Your Wi-Fi router sends data using radio waves. This new system sends data using light, and it is absurdly fast.
Researchers have built a chip-scale optical wireless transmitter that achieved an aggregate data rate of 362.7 gigabits per second over a free-space link spanning two meters. To put that in perspective, the fastest consumer Wi-Fi standard currently available tops out at around 46 gigabits per second under ideal theoretical conditions. This system delivered nearly eight times that speed, from a chip small enough to fit inside a device or ceiling-mounted access point, while consuming about 1.4 nanojoules per bit, roughly half what comparable Wi-Fi technologies require.
The results were published in the journal Advanced Photonics Nexus.
How It Works
At the heart of the system is a 5-by-5 array of vertical-cavity surface-emitting lasers, known as VCSELs. These are tiny semiconductor lasers already widely used in data centers, facial recognition systems, and fiber optic communications. Each laser in the array sends its own independent data stream, and by running multiple lasers in parallel, the system multiplies its total throughput far beyond what a single light source could achieve.
In the experiment, 21 of the 25 lasers were active, each delivering between 13 and 19 gigabits per second individually. Combined, the output reached 362.7 gigabits per second. The system uses a modulation technique that splits data across multiple frequency channels, allowing it to use available bandwidth efficiently and adapt to signal conditions. The researchers noted that speeds could climb even higher with faster receivers on the other end.
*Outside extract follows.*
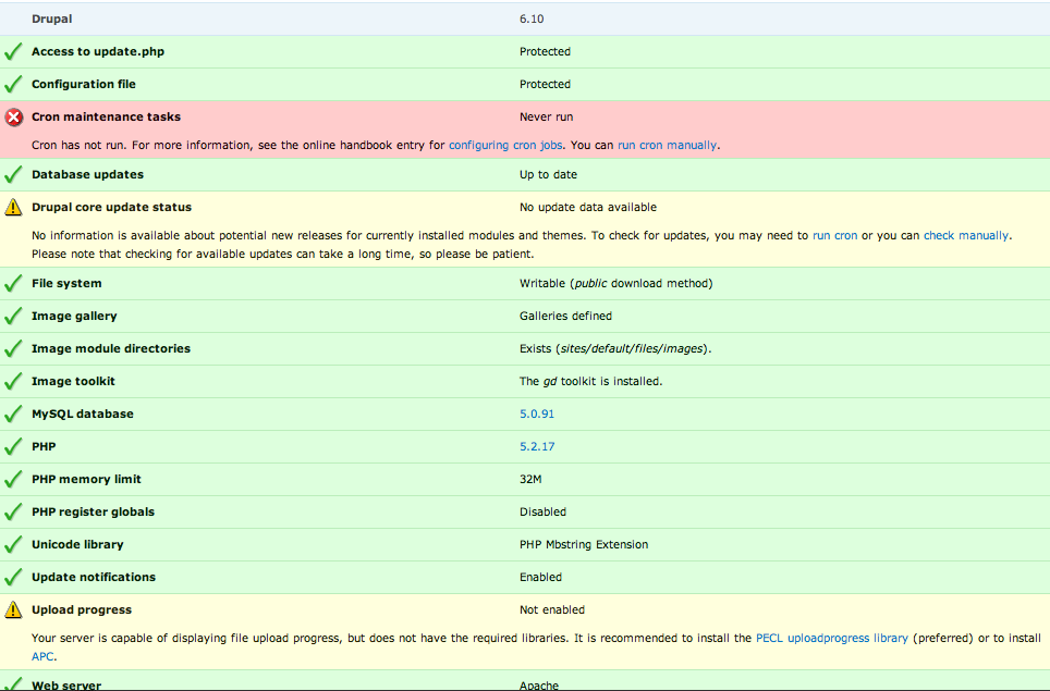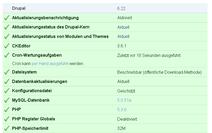 Im Status report steht jetzt Drupal 6.22. Und alles ok, außer Datenbank.

Keeping the Beams From Stepping on Each Other
Running 21 separate laser beams in close proximity creates an obvious problem: if the signals overlap, they interfere with each other and the data gets corrupted. The researchers solved this with an optical system that shapes and directs each beam into its own defined area.
A microlens array first aligns the light from each individual laser, and additional optics then distribute the beams into a structured grid pattern. Testing showed that the system achieved more than 90 percent uniformity in illumination across the target area at a distance of two meters. That precision makes it possible to assign different beams to different users in the same room, effectively creating multiple independent high-speed wireless links from a single chip.
The team demonstrated this multiuser capability directly. In one test with four simultaneous links running at the same time, the system maintained stable connections and delivered a combined data rate of about 22 gigabits per second across those four users.
Why Light Instead of Radio
The fundamental advantage of optical wireless communication is bandwidth. Radio frequencies, which carry all of our current Wi-Fi, Bluetooth, and cellular traffic, are running into congestion problems. There is only so much spectrum available, and as the number of connected devices grows, video calls, streaming, cloud computing, and IoT sensors are all competing for the same limited airspace. Light operates at frequencies far above the radio spectrum, opening up vastly more bandwidth that is essentially untapped for wireless data transmission.
Optical signals also do not interfere with radio systems, which means a light-based network can operate alongside existing Wi-Fi without causing or experiencing interference. And because light can be directed precisely, it is naturally suited to dense indoor environments where many users need high-speed connections in a confined space, think offices, lecture halls, hospitals, and factories.
The energy efficiency is an added benefit that matters more than it might seem at first glance. As global data traffic continues to grow, the power consumed by wireless infrastructure adds up. A system that delivers dramatically higher speeds while using half the energy per bit could make a meaningful difference at scale.
What This Does Not Do
This is not a replacement for Wi-Fi. Light does not pass through walls, which means an optical wireless system requires line-of-sight or at least near-line-of-sight between the transmitter and receiver. It is designed to complement existing radio-based networks, not replace them, handling the heavy lifting of high-bandwidth data transfer in specific spaces while radio networks continue to provide broad coverage and mobility.
The technology is also still in the research phase. A two-meter link in a laboratory is a long way from a commercial product mounted in a ceiling tile. But the results demonstrate that the core physics and engineering work, and that chip-scale optical wireless systems can deliver speeds that radio-based technologies simply cannot match, at lower power, with hardware small enough to be practical.
For anyone wondering what comes after Wi-Fi eventually hits its ceiling, light is looking like a strong answer.